For those of you who did respond in what I would consider the proper and unselfish way, thank you. For those of you who not only didn't cheer me on, but instead thought about their own schedules, you can all go straight to Hell.

The move back to work is the first step in getting my life back on track. Soon school will follow, and with that, the rest of my life. To have such selfish and impudent responses angers me to no end. These are people I have befriended online when many of my friends were unable or unwilling to see me at my house during my hardships. I thought of them as confidants and life savers. To find them not rooting for me to do my best is really hard to swallow. It certainly sets our relationship in a new light. Clearly I was the Swiss Army knife of raiders, being able to do every role and do it very well, and nothing more. Illusions of comradery and alliance rapidly dissolve. All in all it's made me not even want to play the damn game anymore.

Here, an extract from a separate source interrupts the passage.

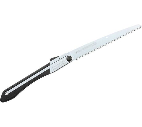 Ножовка шустрая, как и все из модельных рядов Gomboy, Bigboy и т.д. Высокое качество материалов. Рукоять стальная обрезиненная. Позволяет работать в две руки. Узел крепления, ключевое, чем отличаются японские Silky от большинства подражателей. Ось из винта со шлицом для закручивания, «гайки» (на оси которой в допуск посажено отверстие полотна), и плюс гроверная шайба для предотвращения раскручивания винта. Пружинный замок срабатывающий автоматически при приведении ножовки в боевое состояние. О полотне можно рассказывать очень много, но не здесь. Для незнающих только уточню - заточка с геометрией зуба «на себя». Будете пилить, толкать с усилием не надо. Протолкнули и с небольшим нажимом к себе. Теперь о минусе, что обнаружил в линейке с литерой Curve. Кривая линия описанная вдоль по кончикам зубьев имеет дугу R2000 (радиус два метра). Сделано это для увеличения времени контакта с древесиной. Понятно, что замысел хороший - скорость распиливания должна увеличиться. Но ножовки Silky ценны не скоростью, а удобством. Внимание: в линейках моделей с прямым полотном предусмотрено второе положение полотна для работы с низкорасположенными стволами. Здесь его нет! Одно положение и выгибайся как хочешь, если ствол ниже коленей. Из-за этого вероятность утыкания кончиком полотна в землю, грунт, камни и прочее, очень велика. В связи с выше сказанным, вердикт - Silky Gomboy 270 хороша, но больше подходит для труда на уровне высоты примерно от метра до вашего роста. Ниже можно, но очень внимательно и осторожно. В целом пила на твёрдые пять баллов. Или на десятку. Кому как нравится.

What acted as my virtual world to hide in, World of Warcraft is charged with an energy that makes you believe what it wants you to. The relationships feel real, the progress feels tangible and all the raids and accomplishments seem as though they're really quite something to be proud of. It's this narcotic quality that has led to the millions upon millions of subscriptions to the game. I myself have been a patron since day 1. What first served as a game, became a distraction and then an obsession. After a while obsession gave way to a sort of habitual routine, and finally the routine lost any original purpose it may have once had, and now I feel obligated to play. It's a chore, a demand placed on me by myself and other people playing.

I've officially cancelled my subscription as of today. The timer will tick down on remaining game time left until it's dried up and the end of an era is upon me. There have been comparisons made to drug addictions for WoW, and while I can understand the extremist mentality that requires, I don't feel that's the case. It's a substitute for a lot of things. Communication, relationships, entertainment all that good stuff.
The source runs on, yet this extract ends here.